Laura Hillenbrand’s Unbroken

Laura Hillenbrand’s remarkable book, Unbroken, is the kind of story that should be read on the 4th of July as fireworks are going off. The story is about Louis Zamperini, a track star from Torrance, California who ran in the 1936 Berlin Olympics and then became a lieutenant in the Army Air Force. His bomber was shot down over the Pacific. At that point, the 5,000 meter Olympic runner was forced to become an endurance contestant. The finish line drifted with his life raft for two thousand miles amid hundreds of hungry sharks, a harsh and unrelenting sun, starvation, dehydration, and typhoon. When he and his last surviving crewman couldn’t take anymore, the worst of all befell them as Japanese prisoners of war.

Laura Hillenbrand fills every page with stunning detail, making Unbroken a great followup to her first book Seabiscuit. Zamperini has the lead role in Unbroken but when Hillenbrand takes the focus off him and writes of the other American soldiers, her story doesn’t waver in the slightest. Her tale also doesn’t end with the end of the war. I am writing this as loud fireworks sound in the streets. Kids are screaming. Hillenbrand writes poignantly of the post traumatic stress of the Pacific POW’s and Zamperini’s struggles, including a description of a dinner reunion of Zamperini and his POW pals that has a normal festive air until the waiter serves a plate of white rice. Sounds such as 4th of July fireworks going off would have sent many of these former POW’s into a post traumatic hell zone.

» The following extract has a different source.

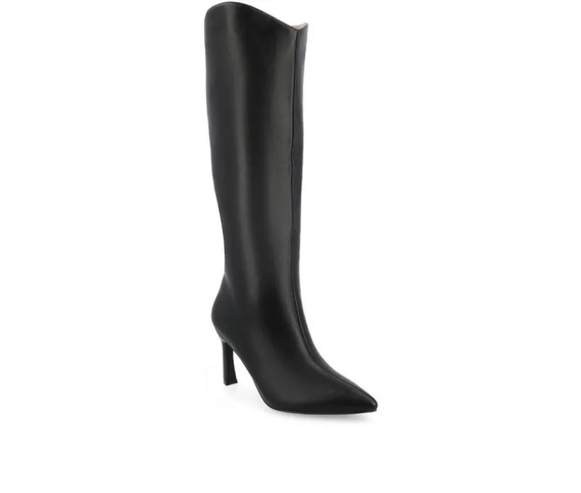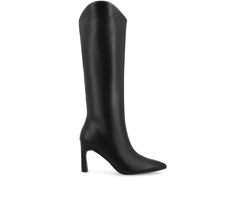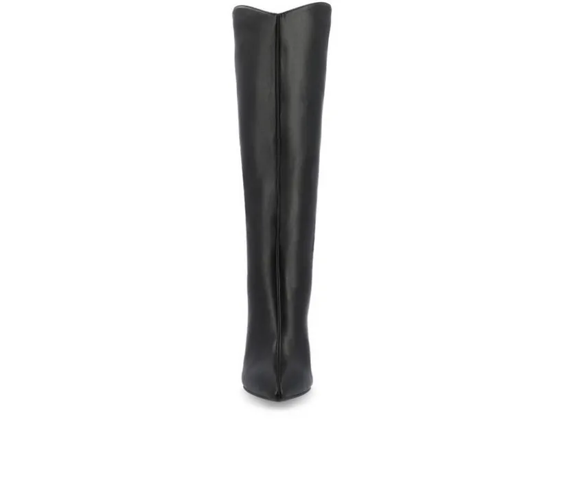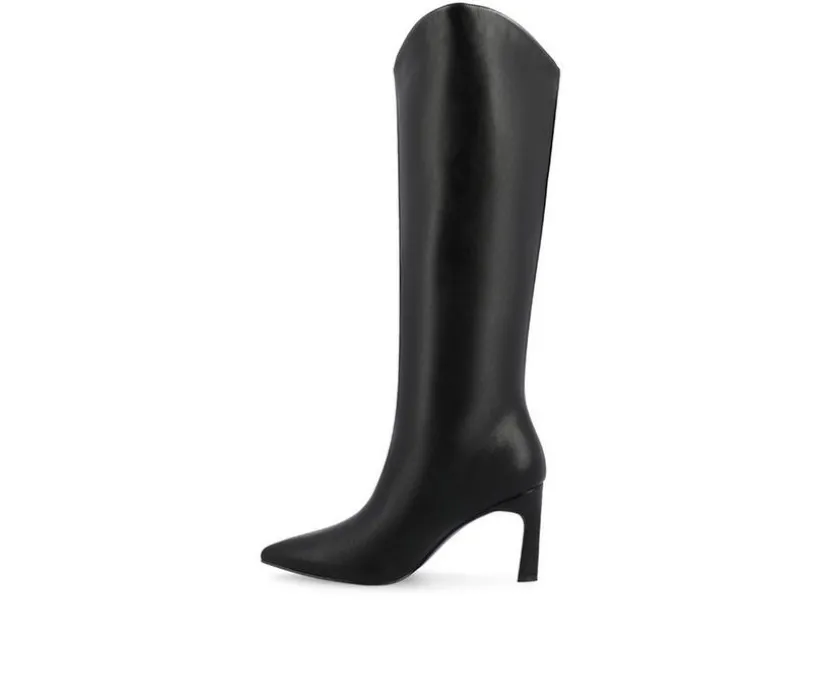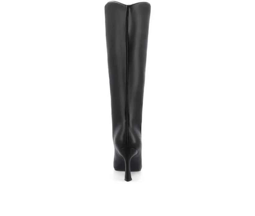 Introducing the Rehela boot by Journee Collection, the perfect blend of elegance and comfort. Made with a wide-width footbed and wide-calf, they are crafted with vegan leather, and these boots feature a stylish stiletto heel and pointed-toe design, adding sophistication to any outfit. The 4 mm Tru Comfort Foam™ insole ensures a cushioned step, while the pull-on style and center seam detail offer convenience and a sleek look. Step out in confidence with the Rehela boot, a must-have for fall.
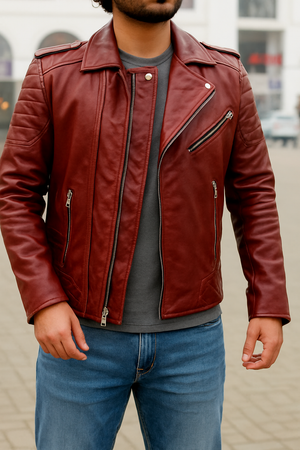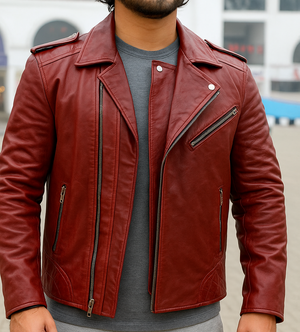 Ignite your style with this bold Red Café Racer Leather Jacket. Rooted in motorcycle heritage, this premium piece is crafted from genuine leather for the modern man who values adventure and standout style. Its sleek, minimalist silhouette and vibrant red color deliver a powerful statement for both the open road and urban streets.

As Hillenbrand researched and wrote Seabiscuit, she learned of Zamperini’s story. She writes eloquently of the ordeal suffered by the Pacific POW’s. “For these men, the central struggle of postwar life was to restore their dignity and find a way to see the world as something other than menacing blackness. There was no one right way to peace; every man had to find his own path, according to his own history.” The media put Zamperini on a celebratory pedestal while he fought his post war demons in private, even at one point almost strangling his wife in bed because he dreamed she was the Bird, his demented tormentor in the prison camp. While the media put the spotlight on the Olympic runner, his comrade on the life boat drifted away from the media glare. There were two crew members surviving the harrowing ordeal. The pilot returned to Indiana and led a quiet life as a school teacher, his heroics all but neglected until his death in old age. Another POW in the same camp as Zamperini survived an insane amount of brutality and then kissed his family goodbye and fought and disappeared in the Korean War. Hillenbrand puts Zamperini in context of the incredible suffering inflicted on all the Pacific POW’s.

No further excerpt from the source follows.